ROI Estimates and Early Forecasts

Considering we have a reasonable idea of the hardware and price, I can at least do a quick estimate of ROI potential. Let's start with the worst-case estimate: you pay $2000, it uses 1000W, and BTC difficulty increases an average of 20% every two weeks; power cost will be a reasonable $0.10 per kWh. We'll guess that you get the hardware in 14 days and start mining immediately. If this "worst-case" happens to be anywhere close to reality, you'd basically spend $2000 and your new ASIC would be too power hungry to keep running in about a third of a year (115 days, give or take). Assuming BTC price stays where it's at, the forecast would be pretty bleak: you'd lose around $1550 (with free shipping no less)!

Okay, that's too grim a proposal, as I think 20% difficulty increase is way too high. But if we take the same core values for price, power draw, and start date we can figure out what the average rate of increase needs to be for you to break even... and it's no less grim! If BTC difficulty only goes up 5.29% each cycle, a 2000GH ASIC for $2000 starting mining in two weeks will basically break even, but that won't happen until early 2016.

I don't think anyone would be willing to buy the S4 at that price, so let's try again and be more optimistic. Let's guess that they can get power draw down to 750W instead of 1000W, and the price is only $1500. Using our more than generous estimates from above (5.29% difficulty increase) you would hit ROI in about six months. A less optimistic forecast of difficulty going up 7.9% on average would leave you with a break even investment in one year.

That's still not looking very good, so let's try once more. What if the AntMiner S4 only costs $1000 and uses 500W? Now we're talking: at 5.29% you'd make ROI in just three months (~95 days), and long-term you could end up earning $1665 off of your $1000, though it would still take the better part of two years. 60% (or more) annual interest would be pretty awesome, so at these (nearly fantasy land) estimates the S4 would be worth buying. Of course a more likely 10% average increase in Bitcoin difficulty would drop you to hitting ROI in four months (~130 days) and after a year your total profit would only be $343.

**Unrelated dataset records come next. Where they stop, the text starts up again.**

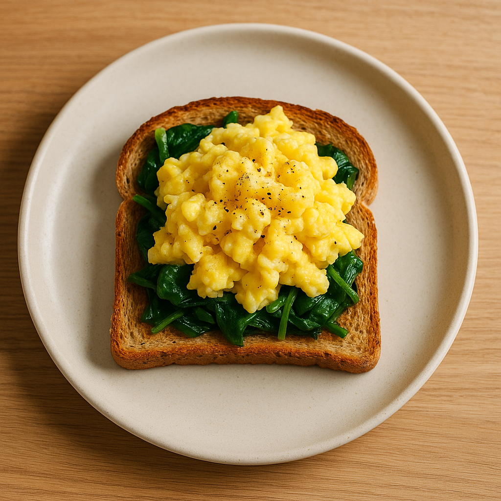 • Étapes : faites tomber les épinards, brouillez les œufs, salez/poivrez, dressez sur le pain grillé.
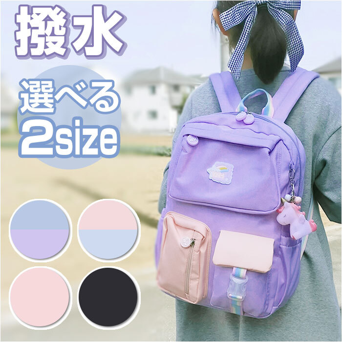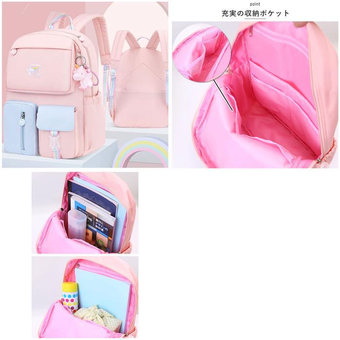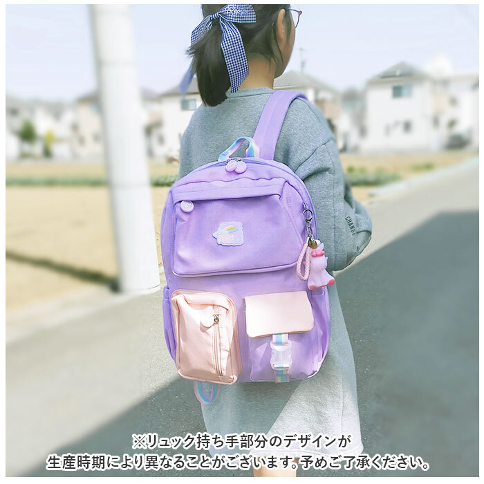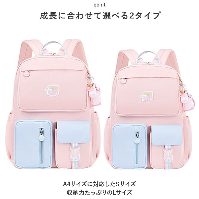 | 商品説明 | ・・女の子の憧れをいっぱい詰め込んで、オシャレにお出掛け♪パステルカラーが可愛い「キッズリュックサック」が新登場。 ・【学習グッズの準備が楽ちん】 ・メインルーム開口部は左右どちらからも開けやすいダブルファスナーを採用。側面まで大きく開いて、教科書や文房具の出し入れがスムーズ。 ・【成長に合わせて選べる2タイプ】 ・リュックのサイズは、スモールサイズ(S)とラージサイズ(L)の2種類からチョイス可能。A4サイズに対応したSサイズは低学年の女の子に。高学年のお姉さんになったら、さらに収納力たっぷりのLサイズがオススメ! ・【通学にぴったりのサイズ感】 ・程よいマチ幅のあるメインルームには、教科書やノートはもちろん、ランチボックスもすっぽり入って遠足やピクニックでも大活躍。 ・【充実の収納ポケット】 ・メインルーム内側には小物の整理に役立つファスナーポケットが1つに、オープンポケットも4ヶ所配置。背面側には、タブレットの持ち運び時に安心なクッション付きポケットも搭載。 ・【小物にクイックアクセス】 ・バッグ前面のファスナーポケットからは、パスケースやマスクポーチなど出番の多い小物がサッと取り出せて便利。 ・【キッズ携帯の定位置に】 ・レインボーカラーのバックルベルトが印象的なフラップポケットは、キッズ携帯の収納にオススメ。 ・【ボトル&アンブレラポケット】 ・外側両サイドには、水筒や折りたたみ傘をちょこんと挿して持ち運べるオープンポケットが2つ。 ・【貴重品の携帯時も安心】 ・リュックの背面にはお家の鍵をしまったキーケースなど貴重品が安心して収納できるシークレットポケット付き。 ・【キッズの身体に優しい仕様】 ・背中に当たる面やショルダーベルトにはふんわり柔らかいクッションを内蔵し、遠足や旅行で長時間背負うときでも快適。 ・【姉妹でリンクコーデもOK】 ・優しいパステル生地にテープベルトの虹色が映える、女の子の夢をかなえたカラーバリエーション。ユニコーンのソフビマスコットが可愛らしいアクセント。(※ブラックのみベーシックカラーの配色です。) ・【急な雨でも安心】 ・リュックの生地は、汚れや水滴をサッと弾くはっ水加工済みなので、登下校中の急な雨や遠足などのアウトドアでも安心。 ・【ポケット仕様】 ・[メインルーム内部]ファスナーポケット×1、オープンポケット×4 ・クッション付きタブレットポケット×1 ・[リュック前面]ファスナーポケット×2、バックル式フラップポケット×1 ・[外側両サイド]オープンポケット×2 ・[リュック背面]シークレットポケット×2 |
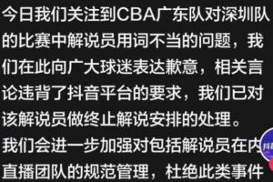 抖音體育官方隨后發(fā)文致歉:今日我們關(guān)注到CBA廣東隊(duì)對(duì)深圳隊(duì)的比賽中解說員用詞不當(dāng)?shù)膯栴},我們?cè)诖讼驈V大球迷表達(dá)歉意,相關(guān)言論違背了抖音平臺(tái)的要求,我們已對(duì)該解說員做終止解說安排的處理。我們會(huì)進(jìn)一步加強(qiáng)對(duì)包括解說員在內(nèi)直播團(tuán)隊(duì)的規(guī)范管理,杜絕此類事件再次發(fā)生,不斷提升賽事轉(zhuǎn)播的質(zhì)量,為球迷帶來更好的服務(wù)和體驗(yàn)。
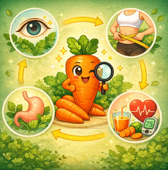 - 혈당 안정화: GI지수 낮음 (생당근 기준 약 30)
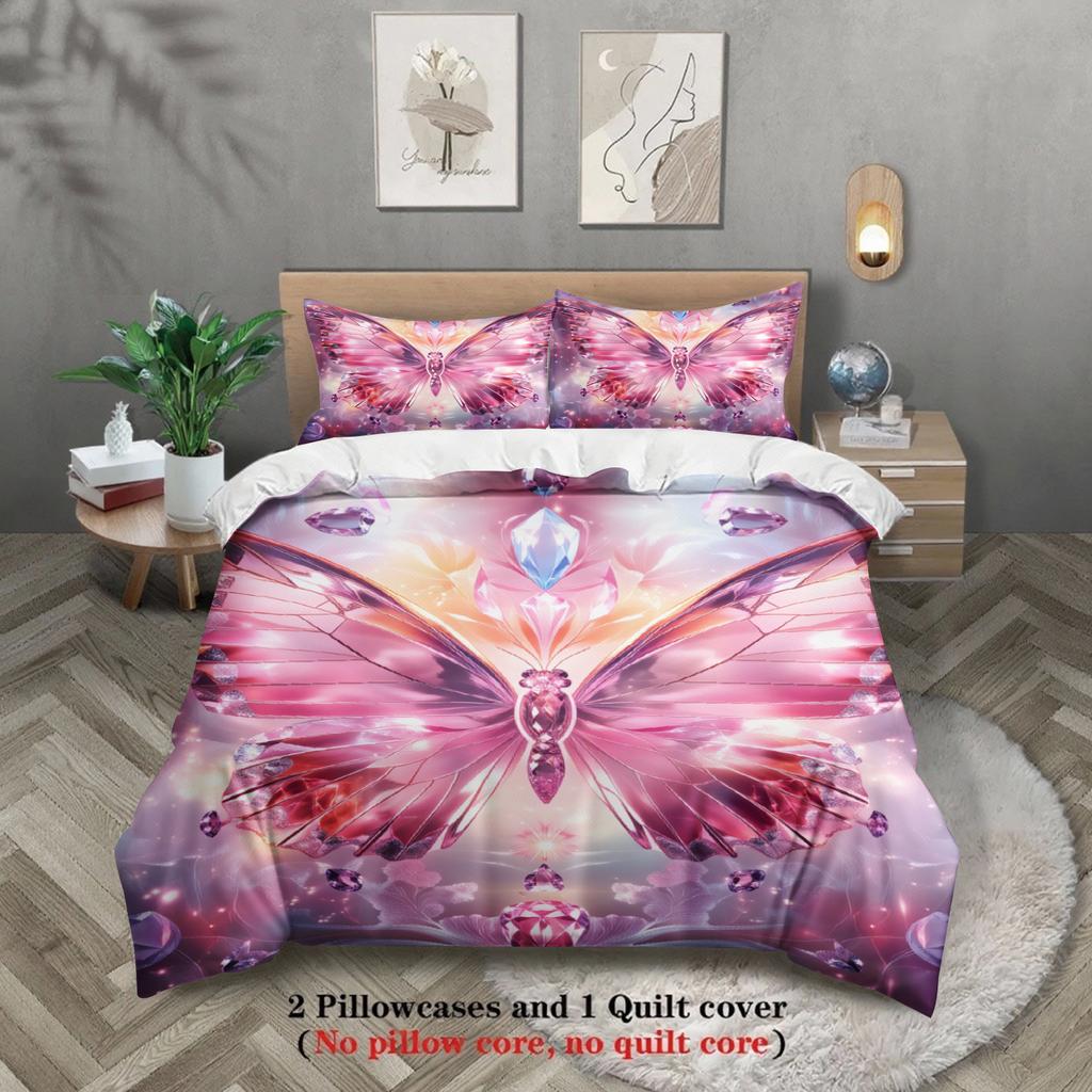 Butterfly Print Bedding Set Pink Purple Crystal Butterfly Design
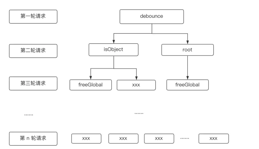 我在应用代码中调用了 debounce 方法,这个方法会依赖很多工具函数,如下图所示:
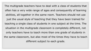 In a multigrade classroom, teachers must be flexible and use various teaching strategies to address the wide range of student ages and abilities, such as grouping students, individualized instruction, independent study, team teaching, group projects, and peer tutoring. Effective strategies for multigrade classrooms include whole class teaching, group teaching, and self-directed learning. Common methods used are lecture-recitation, small group work, independent study, paired and peer tutoring, and direct instruction. Teachers must individualize instruction to meet student needs through diagnostic assessment, grouping, and independent study with teacher support and feedback.
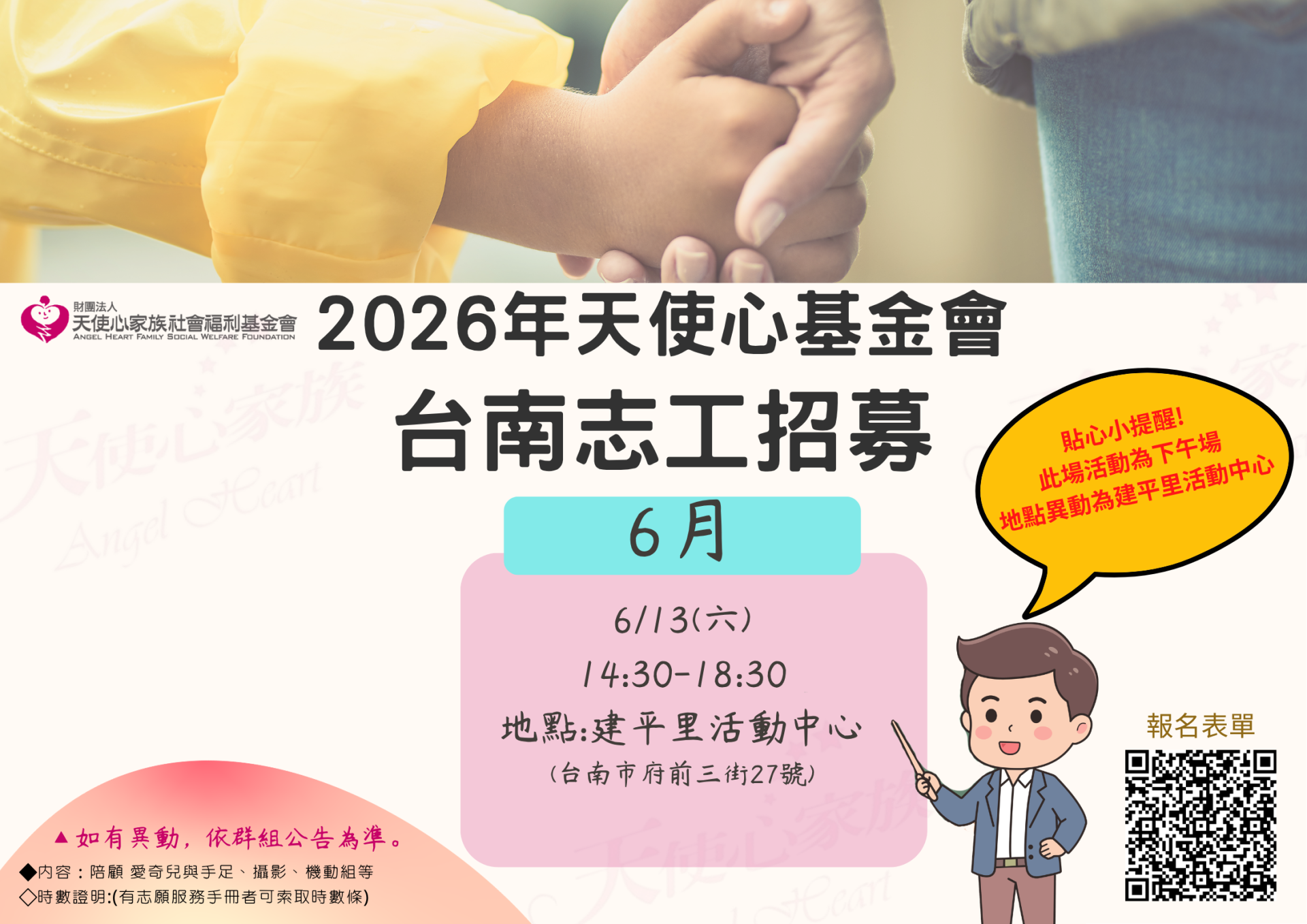 如果你喜歡孩子、樂於陪伴、願意用行動帶來溫暖,誠摯邀請你加入我們的志工行列!

If you can't tell, we're getting awfully close to the end of the road for Bitcoin ASIC mining investments. If you have one already and it's still profitable, you keep running it, but buying new hardware is looking sketchy at best. The days of purchasing a $500 GPU and having it pay for itself in just a month or so of mining are long past, so short of a major spike in BTC prices we're likely hitting a BTC difficulty plateau that will last a long time and only inch upward slowly as new process technology is developed.

BitFury Group's Upcoming ASIC: More Efficient SHA256 Hashing

Earlier this week, the BitFury Group issued a technology roadmap update for their ASICs. What's interesting about BitFury is that unlike many of their competitors, they've apparently put a lot more work into designing a custom ASIC. I'll get to what this means in a moment, but first we need to take a step back and discuss general microprocessor design principles.

Designing a CPU, GPU, SoC, ASIC, etc. can be done in many ways, but from a high level there are two general approaches. One is to use machine algorithms to optimize and lay out the transistors, and the other is to basically design the logic circuits and do the layout "by hand". There are pros and cons to either approach, of course.

The machine algorithms can do a great job of testing and validating the design and basically get you up and running a lot faster than if you were to have a human (many humans) perform the same work. What's more, there are many companies that now sell functional blocks of compute logic, so you can integrate these functional blocks into your chip a lot easier if you let the machines do the legwork. The drawbacks to machine layouts are that they typically use more area and they tend to be less power efficient. These aren't necessarily inviolate rules, but that's the basic idea.

Doing the layout by hand is basically the reverse of the above: it can take much longer to complete the design, validation, testing, etc. However, a human can generally see the big picture better than a machine and so they can optimize better for die area as well as power. This can in turn lead to potentially higher performance, which can be very important for high performance (or low power) microprocessors.

The above is a low-level discussion of processor design, but one of the interesting ideas is the use of ready made functional blocks. If you've ever wondered why it took a while to see the first SHA256 (Bitcoin) ASICs and then suddenly there was an explosion of competing designs from several companies, it's because once there was a tested and validated solution available, many other companies were able to license/buy the basic design and then just place more chips on a board to improve performance.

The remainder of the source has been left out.